Alejandro Quiroga’s achievement here lies precisely in his ability to measure himself against a genre that seems exhausted, as much for being timeless as for receiving attention almost like fashion. The tradition of the local genre is sufficiently vast (3) and its growing incorporation into our pretended country-image is known; it is more complex still: the western relationship between painting and landscape. What reasons could AQ have for taking the risk of interfering with a genre that seems overexploited?

(3) Felsenhardt, Cristina. El Paisaje en la Literatura y Pintura Chilena: Representación, Ideología y Nación. (The Landscape in Chilean Painting and Literature: Representation, Ideology, and Nation)

The answer is apparently simple. A Quiroga is interested in pointing out the value of something that seems at risk and should be attended to (4). Given such an intention, what can be expected is a frontal, mediatic, exportable, urgent discourse. Nevertheless, the great virtue of the artist consists precisely in the omission of all of the above.

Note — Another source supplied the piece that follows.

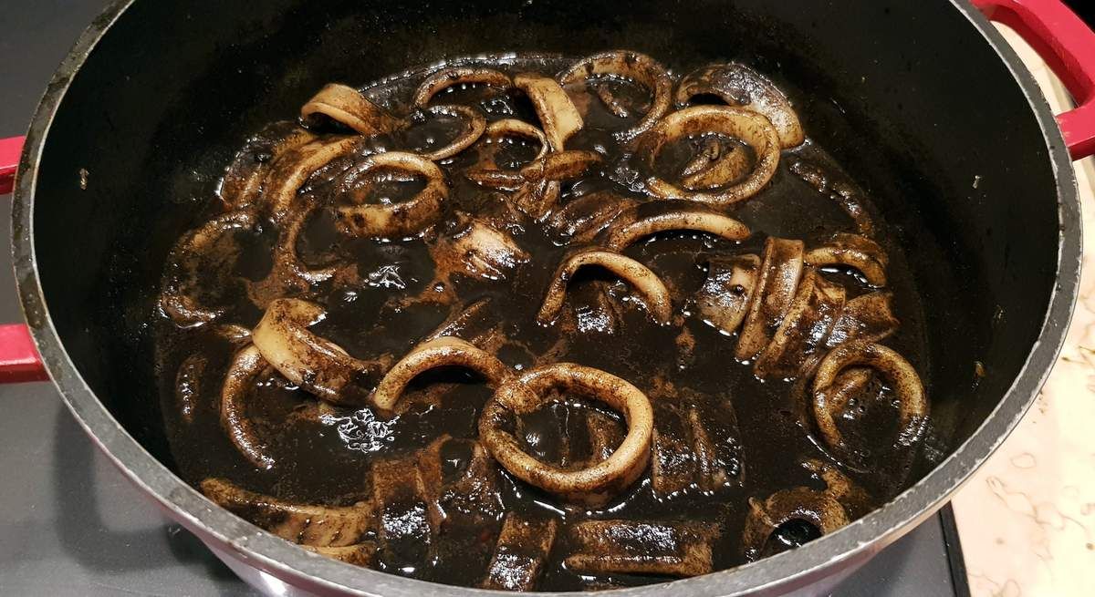 J'ai réalisé cette sauce avec mes calamars découpés en anneaux mijotés longtemps. Afin qu'ils soient tendres à souhait. Un délice. Ah et puis j'ai fait deux essais. J'ai acheté des tagliatelles standards donc blanches et des tagliatelles noires à l'encre de seiche, pour la couleur. Et bien croyez-moi, les tagliatelles à l'encre de seiche ont donné une plus jolie assiette. Les tagliatelles blanches et la sauce noire ont plutôt donné un gris pas top. C'est logique me direz-vous.

For Alejandro Quiroga it is just about matter and emotion. It is not a coincidence that the paintings are partially explained as an exercise. The references to L’empire des lumiéres (see Fig. 1) (also conceived as an exercise of insistence) and to the manipulated light of Edward Hopper (see Fig. 2) leap into view. In the first case, the juxtaposition of two irreconcilable opposites are observed; in the second, the deliberate alterations of light give the scenes an unstable and metaphysical atmosphere. These resources, transferred to AQ’s medium- format canvases are hit home for the viewer by producing a disturbing familiarity with the landscapes portrayed. I would add a third non-confessed reference, the glazes of Quiroga recall the instability of the image present in Gerhard Richter’s painting (see Fig. 3). As Elisa Cárdenas suggests, the boundary between the pictographic and the photographic is diluted (5), intensifying the effects described above.

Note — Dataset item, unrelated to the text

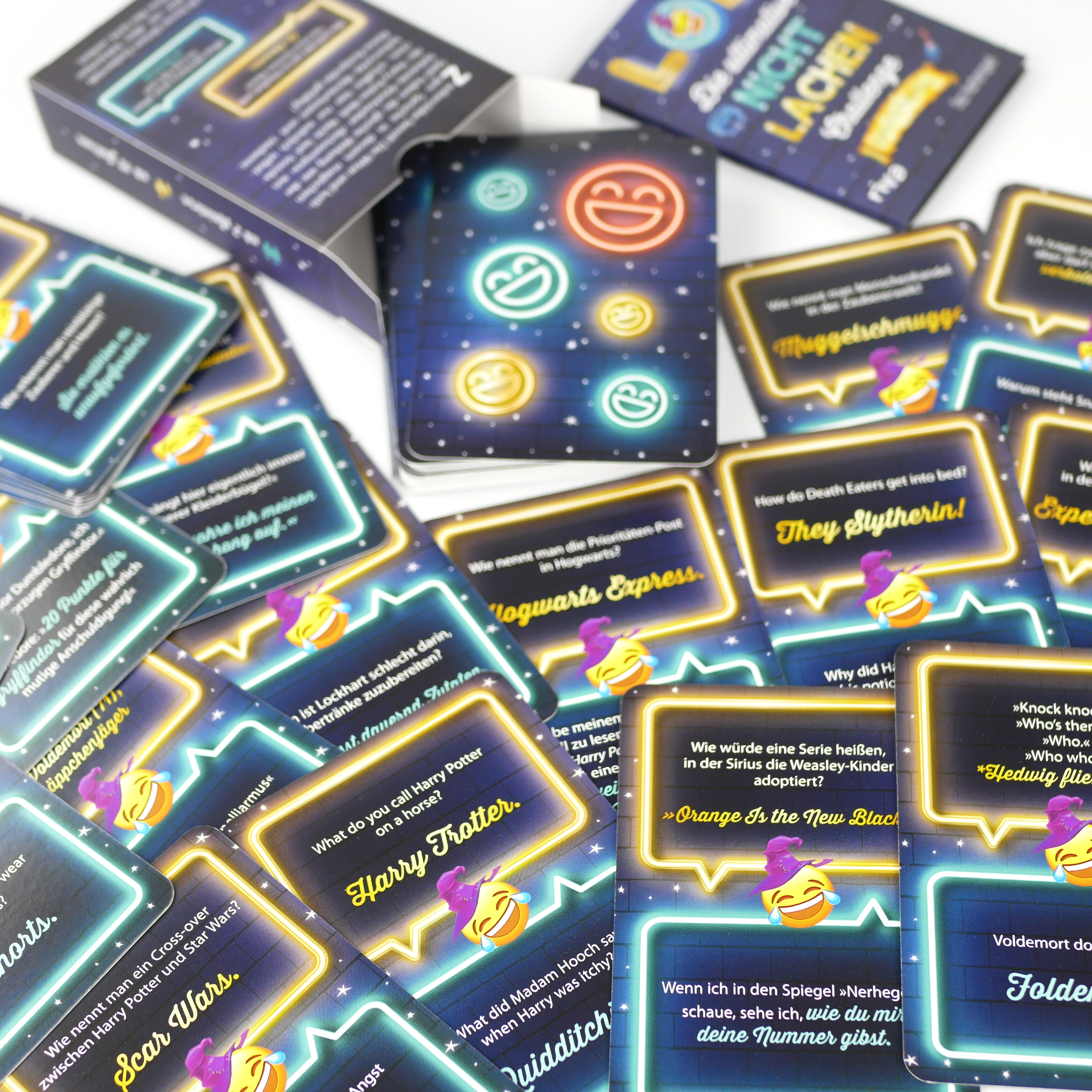 | Schlagworte | challenge • Flachwitz • Geburtstag • Geschenk • Gryffindor • Harry Potter • Hogwarts • Humor • Karten • Last one laughing • lol • lustig • nicht lachen Challenge • Party • Slytherin • Spaß • Spiel • Urlaub • Voldemort • Weihnachten • Zauberer • zu verschenken |

(4-5) Quiroga, Alejandro (2010). Fine Tuning. Santiago, Chile.

Judging from the framings, the nature of the nature of the landscapes does not matter too much. Although Chile is recognized according to some endemic species ( Araucaria Araucana, Jubaea Chilensis), I would say that the location is not all that important. The important themes of Quiroga seem to be absence, daily life and in a few cases a certain intimacy. All of these are universal concepts, which are easily grasped from an affective point of view. In this way, AQ distances himself from the naturalistic/exotic approach (XIX century) and from the subsequent exaltation of the sublime (early XX century) in Chile. Despite this, his landscapes are highly romantic, but operate on another frequency and tune in with the viewer. Perhaps the unspoken task of Quiroga is to value the subjective importance of the landscape itself, in the tradition of psychoanalytic transference, closer to a playlist than to slanted environmental slogans.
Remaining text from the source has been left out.